I've dabbled with Awesome and Xmonad, but am not an expert. However I've found that Compiz Grid + Guake on Gnome gives me mouse-less window management too:

http://guake.org/ (in most repo's)

Grid:

    sudo apt-get install compiz-fusion-plugins-extra
CompizConfig -> Window Management -> Enable Grid

Desktop controls:

* Position and tile a window: Ctrl-Alt-[Numpad]

* Show/Hide console: F12

* Open multiple console tabs: Shift-Ctrl-T

* Change workspace: Super-[leftarrow], Super-[righarrow]
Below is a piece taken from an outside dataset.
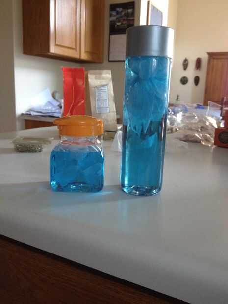 Ahora, simplemente, poner tus medusas en la botella o lo que sea. No hay instrucciones especiales necesitadas. Dependiendo de diversos factores, la medusa puede fregadero, flotador o ninguno, solo se esconden en el medio. Tanto mío flotaban, y parecía que "Venía para arriba para el aire!" Estaba muy contento con dos botellas y amaba el efecto dio al revés, sin embargo, si no te gusta tuyo flotante, hundimiento, por ejemplo, luego experimentar! Me encantaría escuchar tus historias e ideas!

* Start any program, open any file: Alt-F2 or Super-Space (for Gnome-Do)


Ah! My pet rant too. Overlapping windows. What a pain they are...


I also thought the same thing. I don't mind fully overlapping windows (a la tabs), but leaving a bunch of useless space, occupied by nothing more than a pretty picture, on my power-huntry monitor is what's inconceivable to me.

I think I've irrevocably put myself on the fringe by switching to a tiling window manager, though. Oh well. There's a little more elbow room out here.


They life in a day-dreams. ^_^ Browser is the desktop. Even mobile browser.